Images should be left out, and everything else in the listing reproduced exactly.

● Provided material:
- - - -
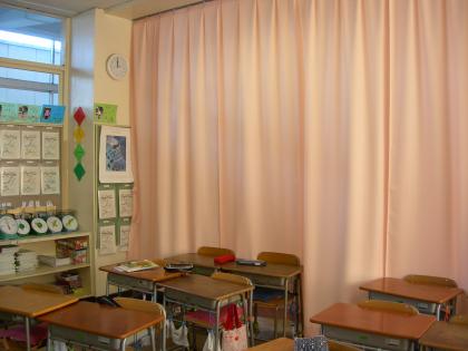 3年生の教室にも体育で着がえるときのカーテンがつきました。普段は両はじにとじてあります。着がえごこちはどうですか?
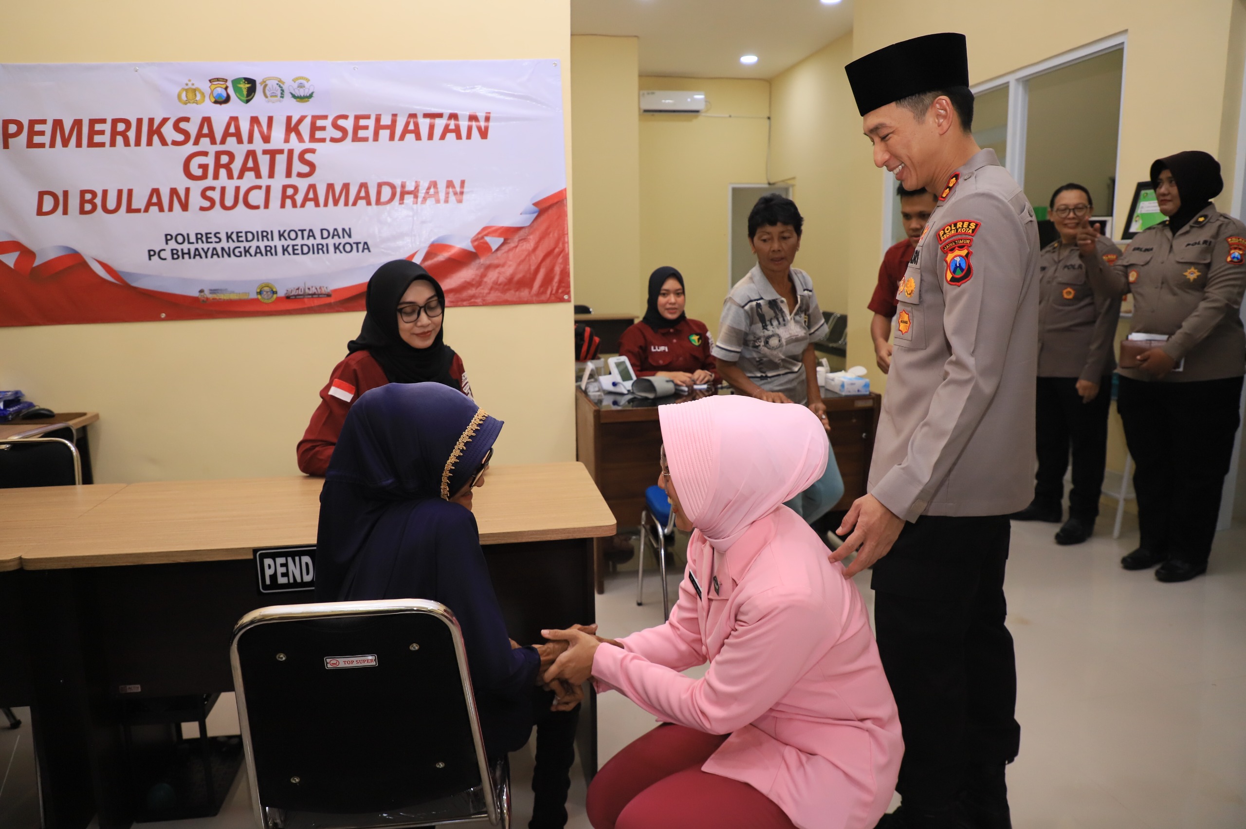 Kegiatan yang berlangsung menjelang waktu berbuka puasa tersebut turut dihadiri Wakapolres Kediri Kota Kompol Putu Gde Caka Pratyaksa Ratsuko, S.I.K., M.I.K., Wakil Ketua Bhayangkari Cabang Kediri Kota, para pejabat utama (PJU) Polres Kediri Kota, serta anggota Bhayangkari. Kehadiran unsur pimpinan Polres dan Bhayangkari ini menegaskan sinergitas internal sekaligus kepedulian institusi Polri terhadap masyarakat.
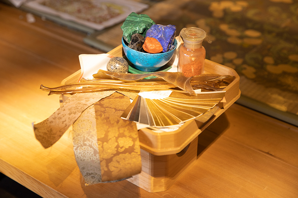 Pigments are made from natural minerals such as lapis lazuli and malachite. Additionally, glue, which is hardened into a stick for longer storage, and gold leaf are used.
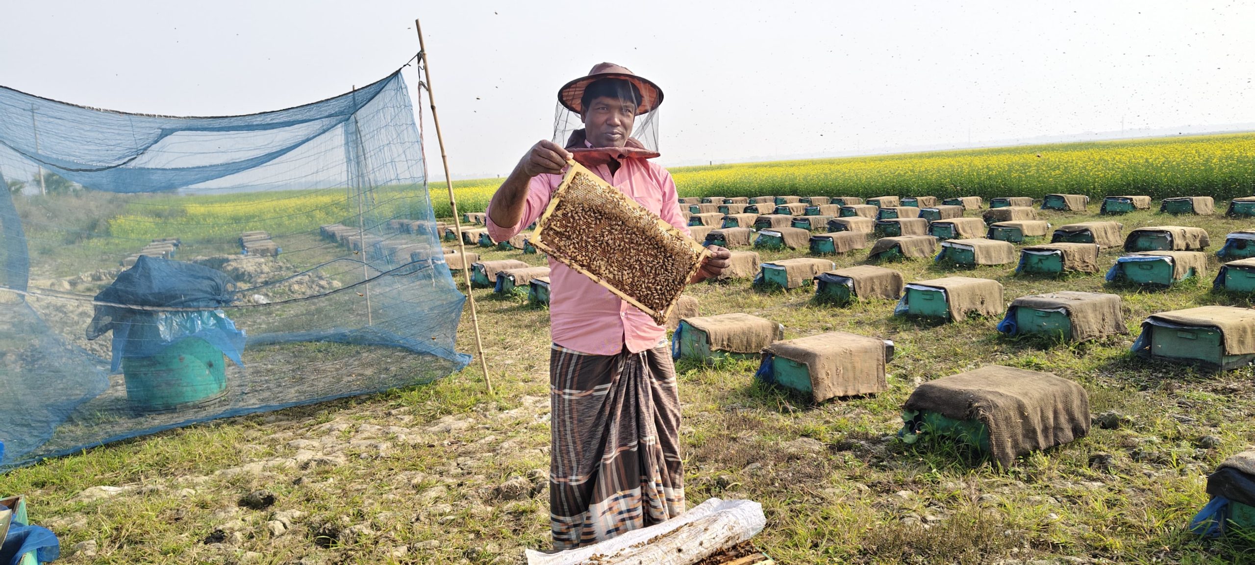 ছবি: পাবনার ভাঙ্গুড়া উপজেলার দিলপাশার ইউনিয়নের বেতুয়ান গ্রামে সরিষা ক্ষেতে মৌচাষিরা ব্যস্ত সময় পার করছেন মধু সংগ্রহে।
- - - -
● Answer to this problem:
 3年生の教室にも体育で着がえるときのカーテンがつきました。普段は両はじにとじてあります。着がえごこちはどうですか?
 Kegiatan yang berlangsung menjelang waktu berbuka puasa tersebut turut dihadiri Wakapolres Kediri Kota Kompol Putu Gde Caka Pratyaksa Ratsuko, S.I.K., M.I.K., Wakil Ketua Bhayangkari Cabang Kediri Kota, para pejabat utama (PJU) Polres Kediri Kota, serta anggota Bhayangkari. Kehadiran unsur pimpinan Polres dan Bhayangkari ini menegaskan sinergitas internal sekaligus kepedulian institusi Polri terhadap masyarakat.
 Pigments are made from natural minerals such as lapis lazuli and malachite. Additionally, glue, which is hardened into a stick for longer storage, and gold leaf are used.
 ছবি: পাবনার ভাঙ্গুড়া উপজেলার দিলপাশার ইউনিয়নের বেতুয়ান গ্রামে সরিষা ক্ষেতে মৌচাষিরা ব্যস্ত সময় পার করছেন মধু সংগ্রহে।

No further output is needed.